Minimal extensions to the standard model are fertile ground for new physics. One such extension is the addition of a hidden SU(N) where the fundamental fermions are massive relative to the confinement scale of the QCD-like interaction that binds them together. These fermions have been dubbed quirks by their proponents due to their bizarre and highly variable phenomenology: since the energy stored in the "infracolor" string between quirks is small compared to the quirk masses, bound states of quirk pairs can be macroscopic.  This phenomenology makes detection difficult and even though they may already have produced in previous experiments, these signatures would easily have eluded observation. A significant portion of the quirk parameter space is amenable to a search with very early data at the LHC: indeed, this signature is currently the subject of a search for quirks at the Tevetron. This signature requires the development of an algorithm designed specifically to identify tracks with large de/ex in the atlas pixel detector, making it perfectly aligned with the expertise of the SLAC Atlas group. 

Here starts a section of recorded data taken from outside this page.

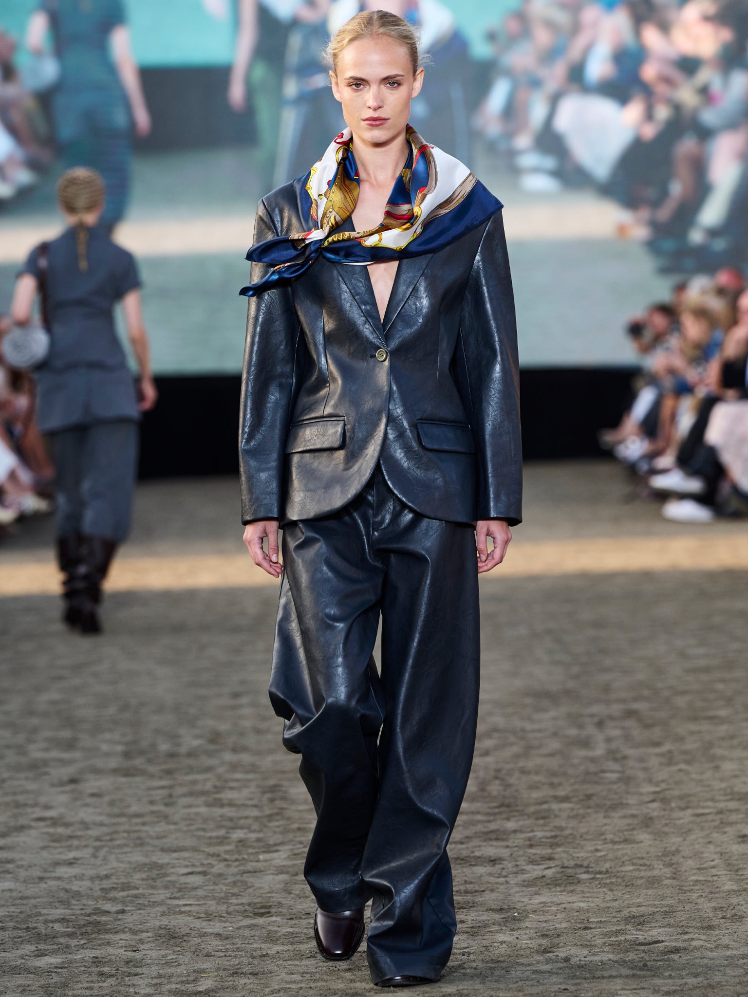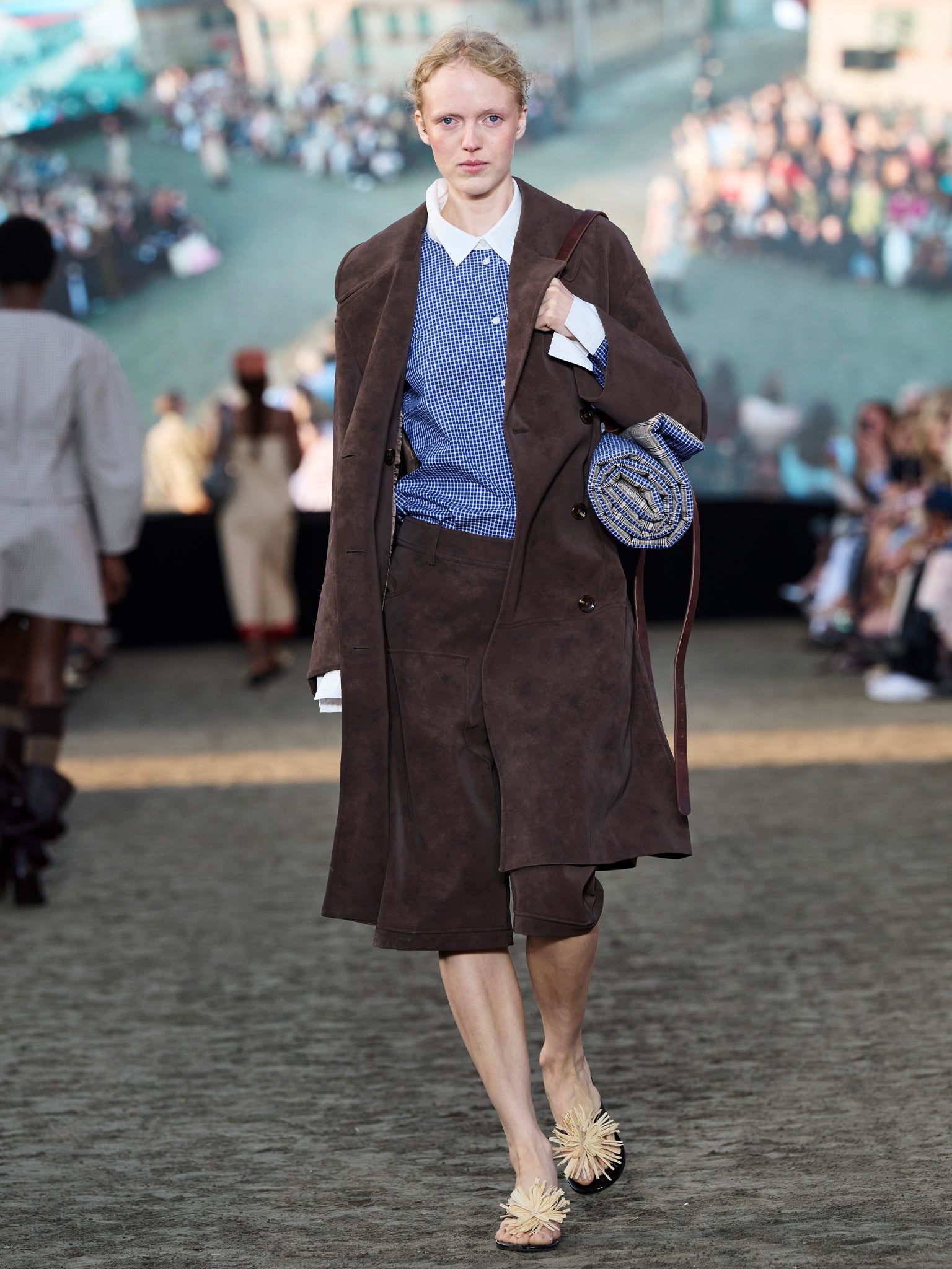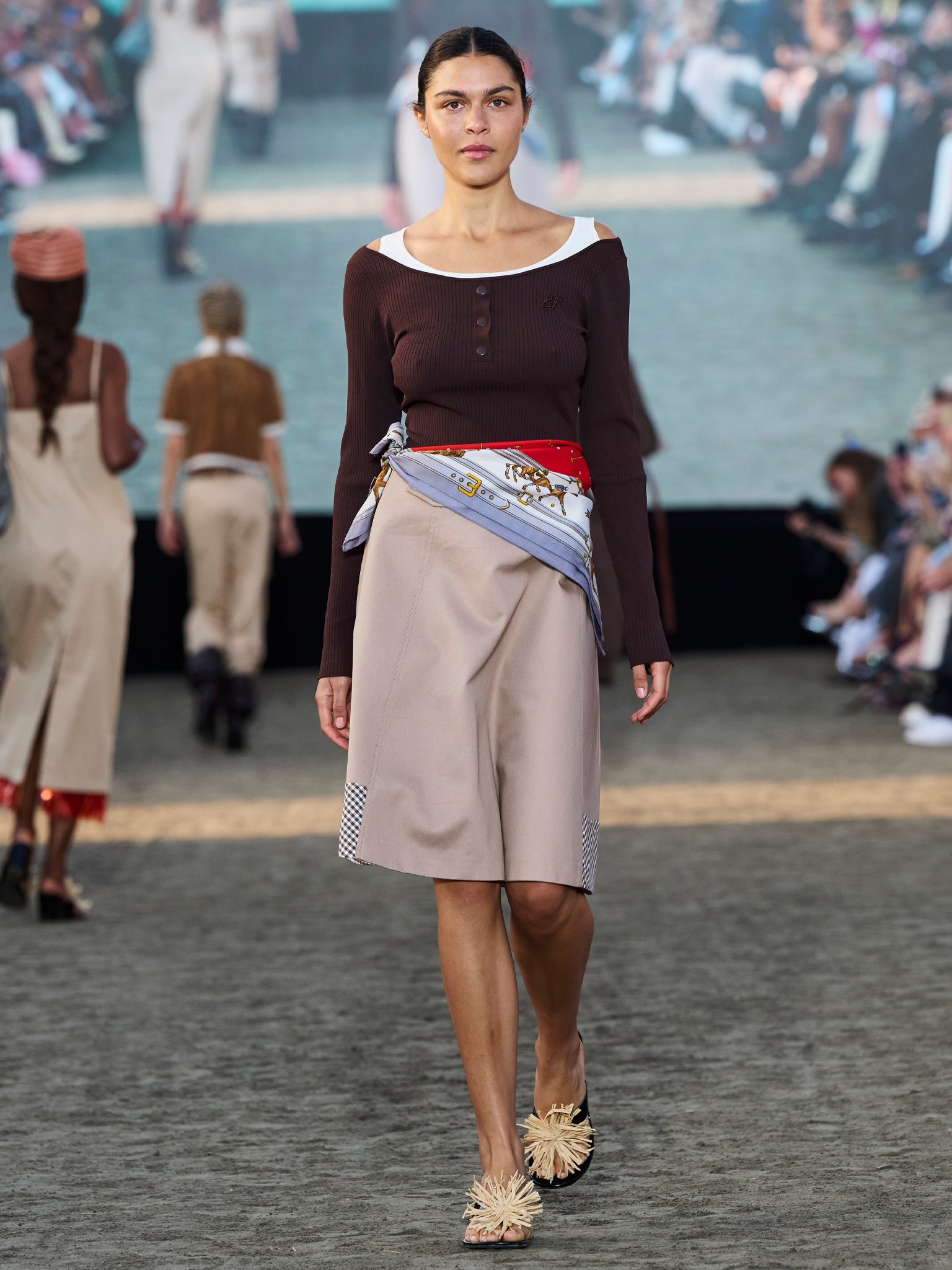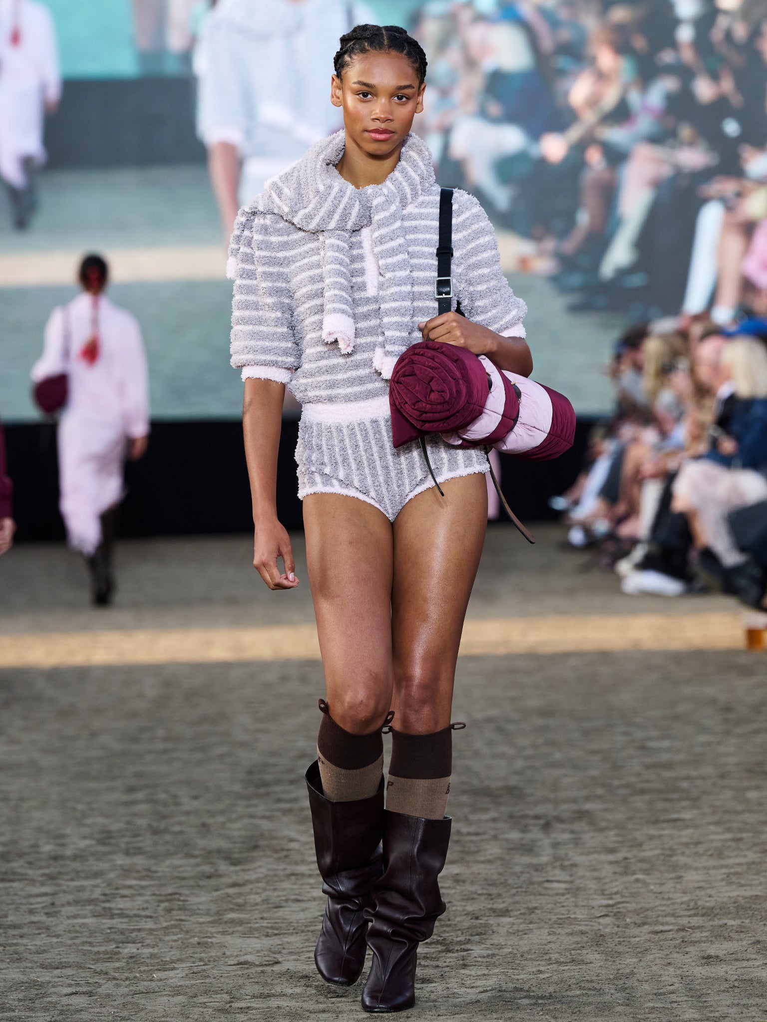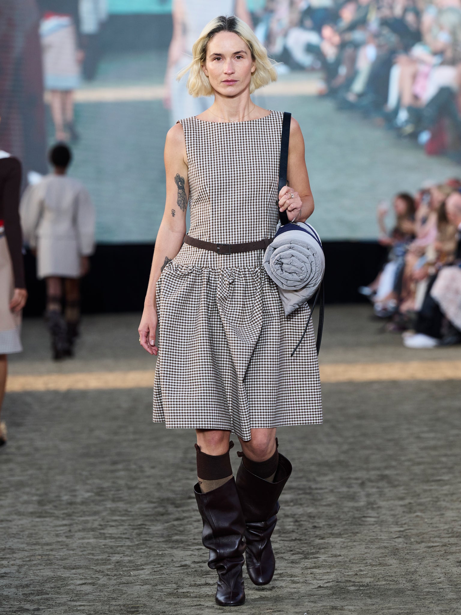 Striped nylon nods to the uniforms of jockeys, while checks and bold colour contrasts add a feeling of movement. Frilled details on sporty outerwear introduce a feminine tension, subtly referencing classic equestrian attire.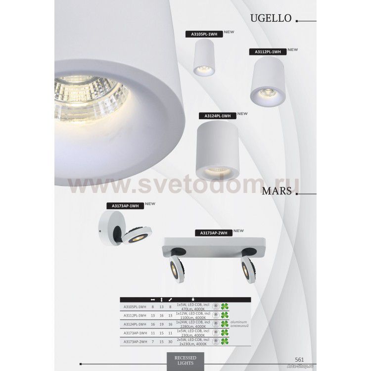 Светильники-споты – это оригинальные изделия с современным дизайном. Они позволяют не ограничивать свою фантазию при выборе освещения для интерьера. Такие модели обеспечивают достаточно качественный свет. Благодаря компактным размерам Вы можете использовать несколько спотов для одного помещения. Интернет-магазин «Светодом» предлагает необычный светильник-спот ARTE Lamp A3173AP-1WH по привлекательной цене. Эта модель станет отличным дополнением к люстре, выполненной в том же стиле. Перед оформлением заказа изучите характеристики изделия. Купить светильник-спот ARTE Lamp A3173AP-1WH в нашем онлайн-магазине Вы можете либо с помощью формы на сайте, либо по указанным выше телефонам. Обратите внимание, что у нас склады не только в Москве и Екатеринбурге, но и других городах России.
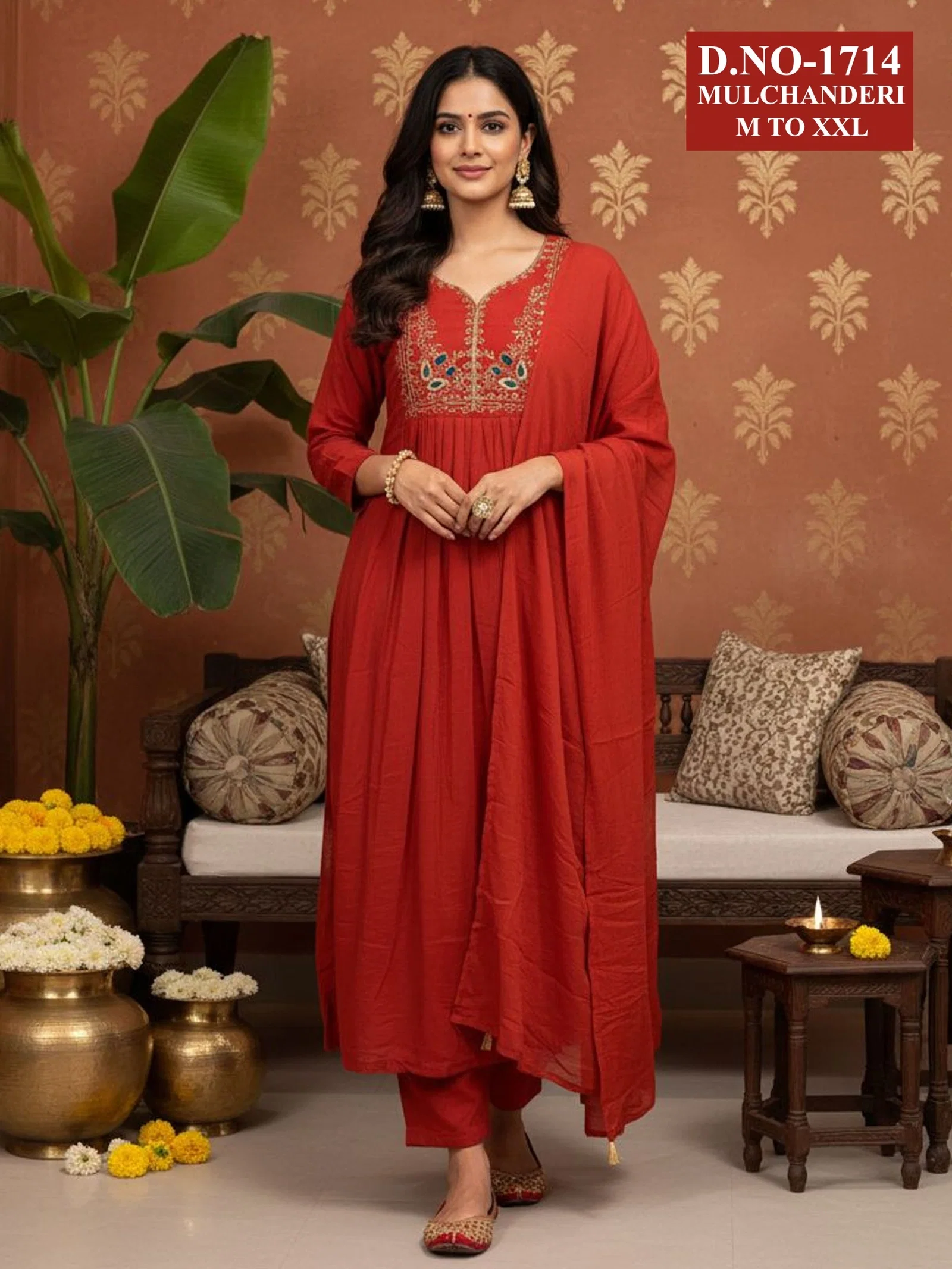 Dnp Aarti 1714 Chanderi Mul Handwork Anarkali Top With Bottom And Dupatta Collection Wholesale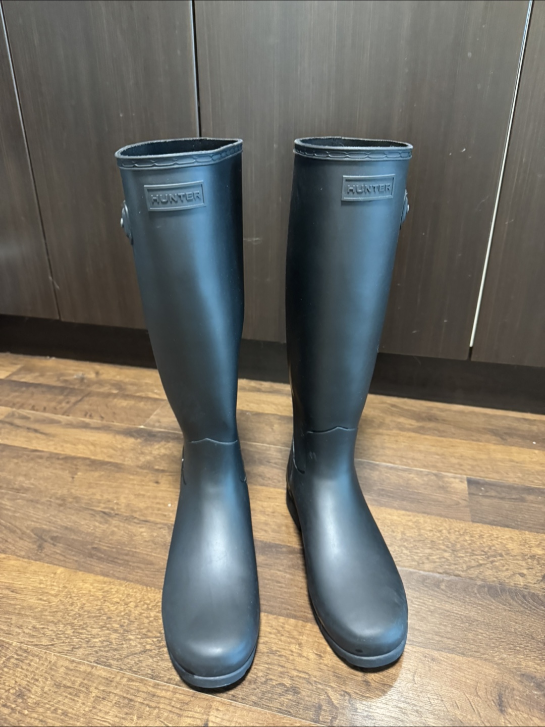 Hunter rain boots in great condition! Perfect for rainy days and outdoor adventures. Size 9. Only worn twice. Nearly new. Retails $220 before tax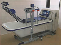 座位の取れる方は椅子に腰掛けた状態のまま機械で浴槽に降ろします。 この場合、ある程度体を動かす力がある利用者さんも椅子に固定されて、ご自分の意思に関係なく機械で動かされることになります。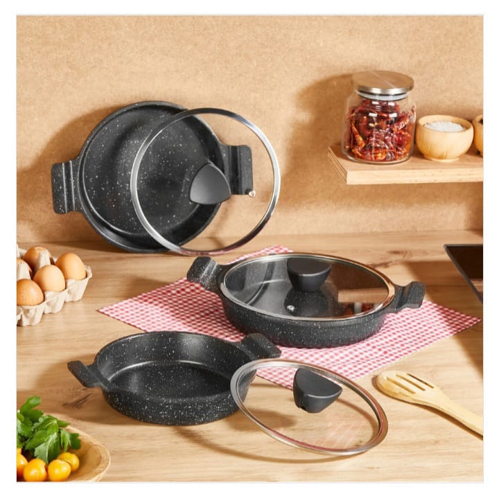طقم مقلاة أمبوس أسترال جرانيت من 6 قطع من الحديد الزهر مع غطاء زجاجي: الشيف الجديد في عالم المطابخ ستصبح مجموعة مقالي أمبوس أسترال، المكونة من 6 قطع، قطعة أساسية في مطبخك بفضل ميزاتها الفاخرة وتصميمها الأنيق. فهي توفر تجربة طهي صحية ومريحة، لا سيما بفضل طلاء الجرانيت والأغطية الزجاجية. مميزات المنتج: 6 قطع غنية بالمحتوى: بفضل أحجام المقالي المختلفة (18 سم، 20 سم، و22 سم)، يمكنكِ تحضير جميع أنواع الوجبات بسهولة. طبقة من الجرانيت: السطح الداخلي مطلي بالجرانيت، مما يجعل المقلاة مقاومة للخدش، وغير لاصقة، وسهلة التنظيف. مادة مقاومة للهب بثلاث طبقات: مطلية بثلاث طبقات من مادة مقاومة للهب وغير لاصقة، مثالية للطهي الصحي. غطاء زجاجي: يتيح لكِ التحكم في عملية الطهي ويسمح بطهي أسرع من خلال حبس الحرارة في الداخل. مقاوم للخدش واللهب: يضمن استخدامًا طويل الأمد. ضمان لمدة عامين: ضمان الشركة المصنعة لمدة عامين دليل على ثقتها بجودة المنتج. آمنة للغسل في غسالة الأطباق: تُسهّل التنظيف. آمنة للطعام: آمنة على صحتكِ. لماذا تختار طقم أمبوس أسترال المكون من 6 قطع؟ طهي صحي: بفضل خاصية عدم الالتصاق، يمكنكِ تحضير وجبات صحية باستخدام زيت أقل. المتانة: يتميز بهيكل متين يدوم لسنوات طويلة. استخدامات متعددة: يمكنكِ تحضير جميع أنواع الوجبات بفضل أحجام المقالي المختلفة. استخدام عملي: بفضل الأغطية الزجاجية، يمكنكِ مراقبة عملية الطهي وتنظيفها بسهولة في غسالة الأطباق. تصميم أنيق: يمنح مطبخكِ مظهرًا عصريًا وأنيقًا. محتويات الطقم مقلاة 18 سم بغطاء زجاجي مقلاة 20 سم بغطاء زجاجي مقلاة 22 سم بغطاء زجاجي الخلاصة ستُشكّل مجموعة مقالي أمبوس أسترال، المكونة من 6 قطع، إضافةً أساسيةً لمطبخك بفضل أناقتها ووظائفها العملية. إذا كنت تبحث عن أواني طهي صحية ومتينة ومتعددة الاستخدامات، فإن أمبوس أسترال هي الخيار الأمثل لك! معلومات إضافية: تعليمات العناية: لحماية طبقة الجرانيت، تجنّب استخدام الأدوات المعدنية. التنظيف: آمنة للاستخدام في غسالة الأطباق، ولكن غسلها يدويًا يُطيل عمرها الافتراضي.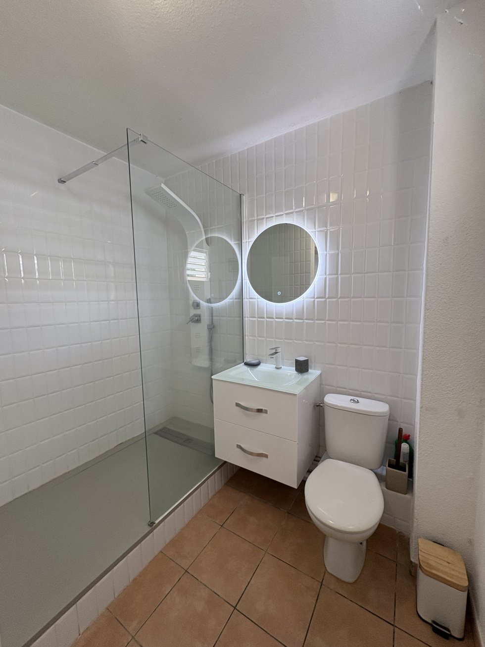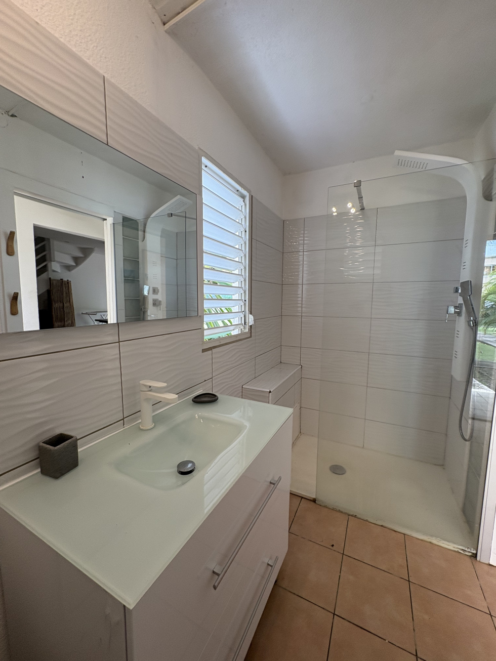 Située sur le secteur de Dampierre proche de toutes commodités dans un environnement calme, venez visiter cette maison T4 mitoyenne et en duplex de 90m2 meublée. Elle se compose d'un séjour et salle à manger lumineux, une cuisine entièrement équipée (réfrigérateur, micro-ondes, four, lave vaisselle...), une salle d'eau avec WC. A l'étage trois chambres climatisées, une autre salle d'eau avec WC. Une terrasse avec vue sur le jardin privatif. Toutes les pièces sont équipées de brasseurs d'air. Une place de parking à disposition. Loyer : 1576,61€ comprenant les charges de copropriété. Contactez nous pour programmer votre visite au 0590. 38. 10. 88.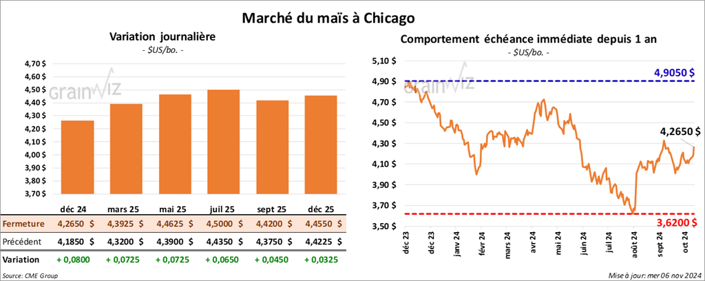 Le contrat de maïs US déc. 24 a clôturé à 4,2650 $ (+ 8 cents). Celui mars 25 a fermé à 4,3925 $ (+ 7 ¼ cents). Celui mai 25 a terminé à 4,4625 $ (+ 7 ¼ cents).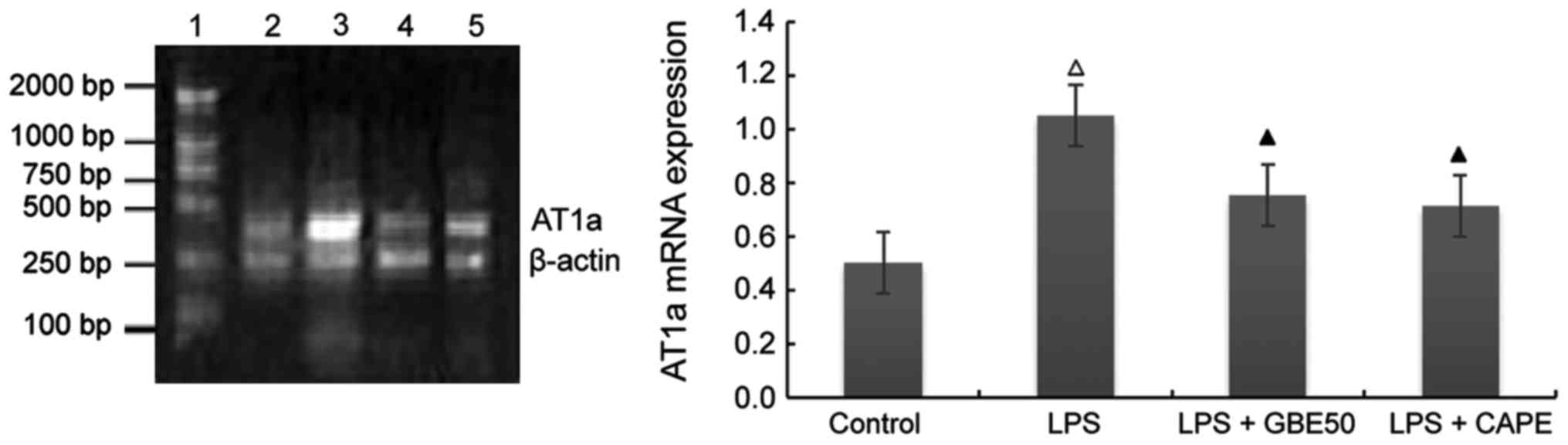 Compared with control group (expression level of AT1a receptor mRNA was 0.501±0.112), expression level of AT1a receptor mRNA in NRVMs were significantly increased at 24 h after LPS (1 µg/ml) stimulation (expression level of TLR4 mRNA was 1.05±0.227, P<0.01); compared with LPS group, GBE50 (80 µg/ml) and CAPE (20 µg/ml) significantly reduced the expression of AT1a mRNA in NRVMs induced by LPS (expression levels of AT1a receptor mRNA were 0.751±0.257 and 0.711±0.223, respectively, P<0.01). No significant difference in the expression level of AT1a receptor mRNA was found between LPS + GBE50 group, LPS + CAPE group and control group. Compared with LPS + GBE50 group, expression level of AT1a receptor mRNA was slightly reduced in LPS + CAPE group, but the difference was not significant (Fig. 4).

The experimental reach for quirks increases rapidly with center of mass energy, so that a search at the LHC will exceed the discovery potential of the Tevatron experiments well before the end of the current run in 2011.  A generator level Monte Carlo and toy simulation of the dynamics of quirk pairs has been developed in conjunction with Markus Luty and Jared Evans at UC Davis that can be used to develop the trigger and reconstruction strategies that will be required. The first task is to use the output of this simulation to develop the analysis strategy. The second task will be the development of a novel tracking algorithm capable of identifying quirks tracks in the Atlas inner detector.